— PROVIDED RECORDS —
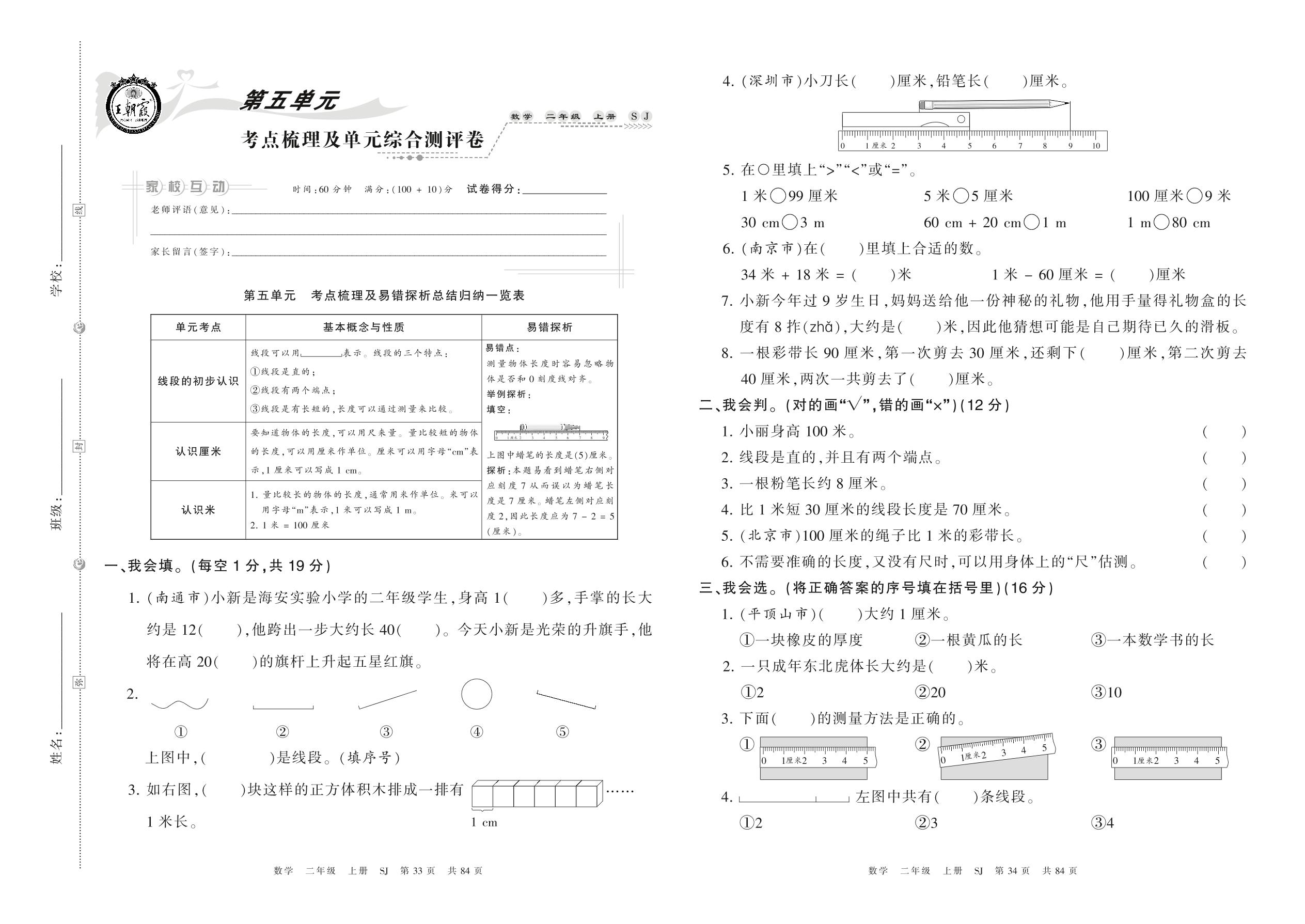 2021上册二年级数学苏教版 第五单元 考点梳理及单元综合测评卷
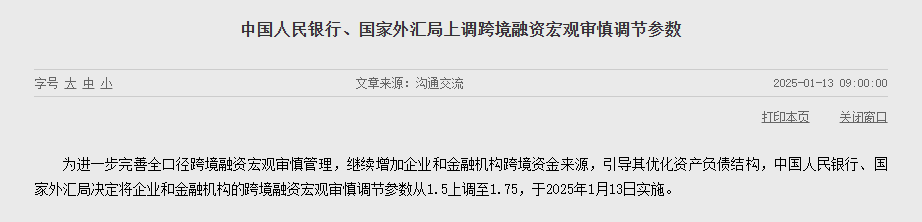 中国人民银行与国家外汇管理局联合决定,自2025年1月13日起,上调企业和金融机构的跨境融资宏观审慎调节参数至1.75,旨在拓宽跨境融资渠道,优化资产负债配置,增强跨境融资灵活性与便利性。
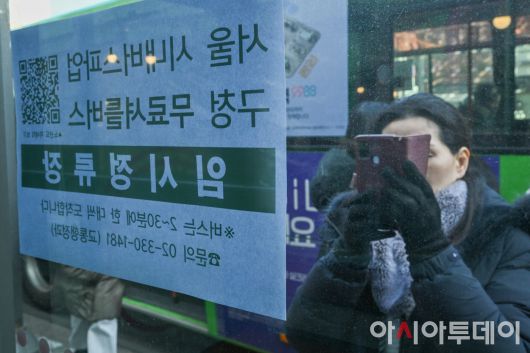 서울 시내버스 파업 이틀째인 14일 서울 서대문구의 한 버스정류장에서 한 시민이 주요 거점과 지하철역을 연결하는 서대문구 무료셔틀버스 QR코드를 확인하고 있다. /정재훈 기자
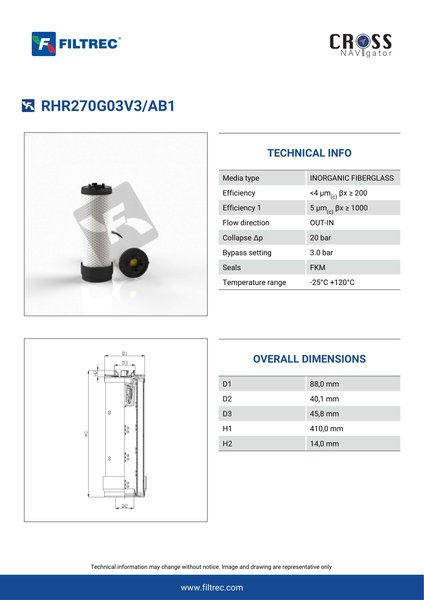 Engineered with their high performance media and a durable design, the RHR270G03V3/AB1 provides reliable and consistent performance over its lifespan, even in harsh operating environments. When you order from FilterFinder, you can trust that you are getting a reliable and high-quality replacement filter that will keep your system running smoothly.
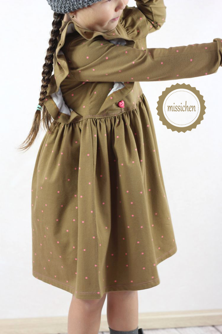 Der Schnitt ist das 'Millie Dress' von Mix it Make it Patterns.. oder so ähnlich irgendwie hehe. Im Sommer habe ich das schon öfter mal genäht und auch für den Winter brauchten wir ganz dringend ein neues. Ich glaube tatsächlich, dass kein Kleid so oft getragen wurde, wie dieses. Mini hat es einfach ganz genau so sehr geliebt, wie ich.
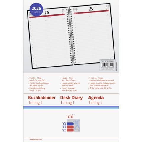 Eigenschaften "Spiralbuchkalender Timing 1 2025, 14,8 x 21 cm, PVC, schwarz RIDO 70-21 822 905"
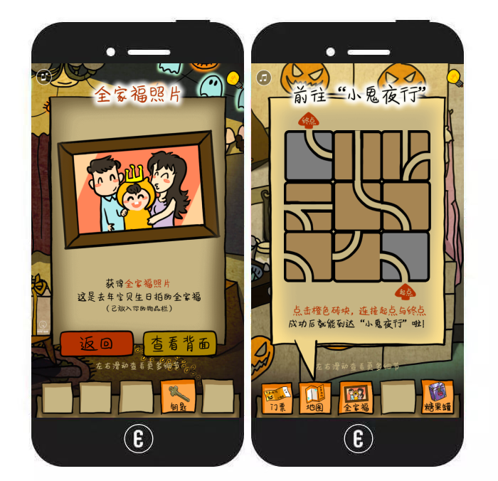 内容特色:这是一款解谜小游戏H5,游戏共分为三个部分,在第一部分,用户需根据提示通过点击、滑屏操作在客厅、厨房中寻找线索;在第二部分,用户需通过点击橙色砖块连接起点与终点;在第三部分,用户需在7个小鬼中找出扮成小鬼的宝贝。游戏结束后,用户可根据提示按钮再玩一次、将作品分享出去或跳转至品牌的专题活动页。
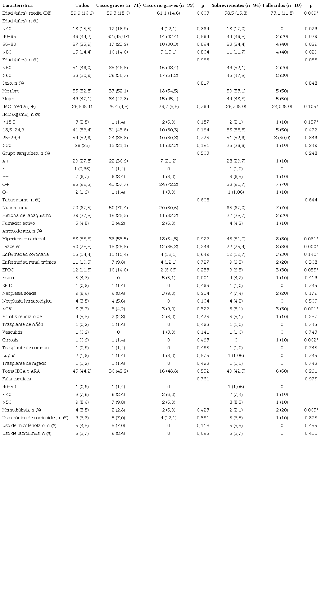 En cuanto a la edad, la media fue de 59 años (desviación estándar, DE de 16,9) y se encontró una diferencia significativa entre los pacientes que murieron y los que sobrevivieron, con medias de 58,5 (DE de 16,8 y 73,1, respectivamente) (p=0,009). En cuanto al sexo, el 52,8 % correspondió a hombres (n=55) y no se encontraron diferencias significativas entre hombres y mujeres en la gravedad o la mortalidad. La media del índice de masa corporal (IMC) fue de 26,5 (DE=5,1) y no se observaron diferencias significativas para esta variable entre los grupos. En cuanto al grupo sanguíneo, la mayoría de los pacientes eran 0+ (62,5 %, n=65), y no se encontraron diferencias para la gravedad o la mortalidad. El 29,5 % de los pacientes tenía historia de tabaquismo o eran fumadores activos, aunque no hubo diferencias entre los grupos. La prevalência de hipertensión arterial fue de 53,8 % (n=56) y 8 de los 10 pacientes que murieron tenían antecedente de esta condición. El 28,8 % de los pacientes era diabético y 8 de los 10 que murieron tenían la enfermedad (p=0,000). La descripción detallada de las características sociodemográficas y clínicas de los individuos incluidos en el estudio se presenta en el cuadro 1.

— YOUR ASSIGNMENT —
The copy should hold exactly the lines above from the one with "1 2025, 14,8" through the one with "内容特色:这是一款解谜小游戏", both ends counted, and no pictures at all.

— EXERCISE SOLUTION —
 Eigenschaften "Spiralbuchkalender Timing 1 2025, 14,8 x 21 cm, PVC, schwarz RIDO 70-21 822 905"
 内容特色:这是一款解谜小游戏H5,游戏共分为三个部分,在第一部分,用户需根据提示通过点击、滑屏操作在客厅、厨房中寻找线索;在第二部分,用户需通过点击橙色砖块连接起点与终点;在第三部分,用户需在7个小鬼中找出扮成小鬼的宝贝。游戏结束后,用户可根据提示按钮再玩一次、将作品分享出去或跳转至品牌的专题活动页。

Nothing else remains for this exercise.